BEGIN GIVEN DATA

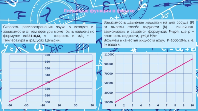 Зависимость давления жидкости на дно сосуда (P) от высоты столба жидкости (h) – линейная зависимость и задаётся формулой: P=gρh, где ρ – плотность жидкости, g≈9,8 Н/кг
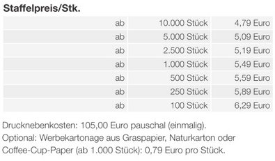 Die feine Schokoladenmischung mit zartschmelzender Lindt Schokolade lässt Genießerherzen höherschlagen. Die Verpackung ist komplett individuell bedruckbarProdukt: Exklusive Schokoladenmischung von Lindt, verpackt in einer individuellen WerbekartonageMaße: ca. 140 x 140 x 40 mmNachhaltigkeit: Für jede Bestellung mit uns wird ein Baum über GROW MY TREE gepflanzt. Wir verwenden FSC ® -zertifizierten Karton aus nachhaltiger Forstwirtschaft und anderen kontrollierten QuellenBedruckung/Motive: 4-farbiger Druck auf grafischem Premium-Karton (FSC ® -zertifiziert).Optional auf Graspapier, Naturkarton oder Coffee-Cup-PaperInhalt: Schokoladenmischung von Lindt (ca. 97g): 3 Lindor Pralinés mit einer zartschmelzenden Füllung, 10 Lindt Lindor Schokoladen-Eier bunt gemischt und 1 Lindt GoldhaseHaltbarkeit: Bis mindestens 30.06. diesen JahresLieferzeit: ca. 15 Arbeitstage nach Druckfreigabe.Mindestbestellmenge: 100 Stück
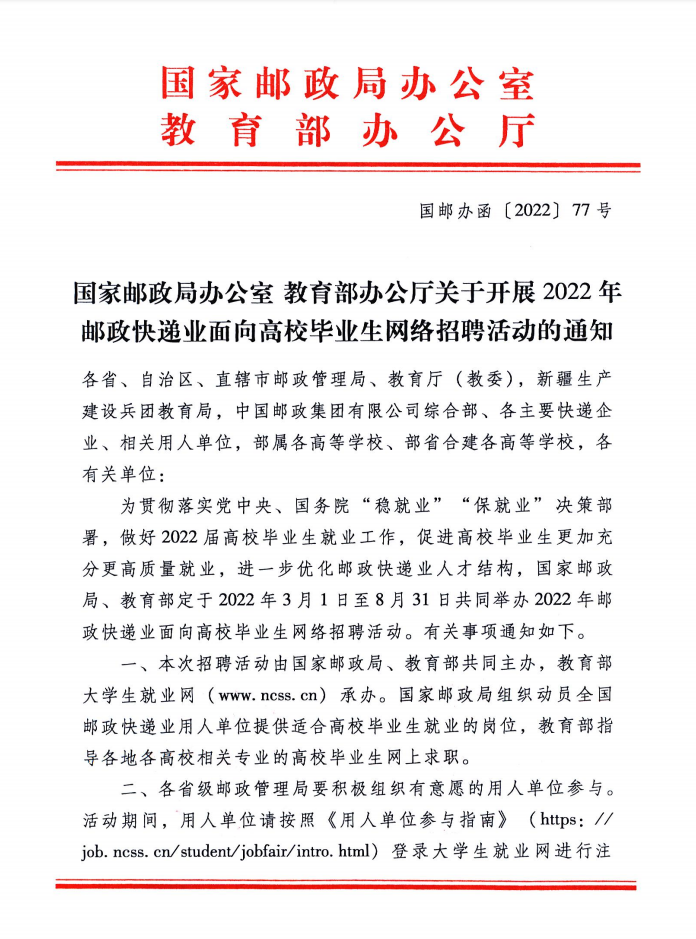 国家邮政局办公室 教育部办公厅关于开展2022年邮政快递业面向高校毕业生网络招聘活动的通知

END GIVEN DATA

▶ PROBLEM REQUIREMENTS
Return all of the data exactly as written, and drop the pictures.

▶ SOLUTION TO THIS TASK
 Зависимость давления жидкости на дно сосуда (P) от высоты столба жидкости (h) – линейная зависимость и задаётся формулой: P=gρh, где ρ – плотность жидкости, g≈9,8 Н/кг
 Die feine Schokoladenmischung mit zartschmelzender Lindt Schokolade lässt Genießerherzen höherschlagen. Die Verpackung ist komplett individuell bedruckbarProdukt: Exklusive Schokoladenmischung von Lindt, verpackt in einer individuellen WerbekartonageMaße: ca. 140 x 140 x 40 mmNachhaltigkeit: Für jede Bestellung mit uns wird ein Baum über GROW MY TREE gepflanzt. Wir verwenden FSC ® -zertifizierten Karton aus nachhaltiger Forstwirtschaft und anderen kontrollierten QuellenBedruckung/Motive: 4-farbiger Druck auf grafischem Premium-Karton (FSC ® -zertifiziert).Optional auf Graspapier, Naturkarton oder Coffee-Cup-PaperInhalt: Schokoladenmischung von Lindt (ca. 97g): 3 Lindor Pralinés mit einer zartschmelzenden Füllung, 10 Lindt Lindor Schokoladen-Eier bunt gemischt und 1 Lindt GoldhaseHaltbarkeit: Bis mindestens 30.06. diesen JahresLieferzeit: ca. 15 Arbeitstage nach Druckfreigabe.Mindestbestellmenge: 100 Stück
 国家邮政局办公室 教育部办公厅关于开展2022年邮政快递业面向高校毕业生网络招聘活动的通知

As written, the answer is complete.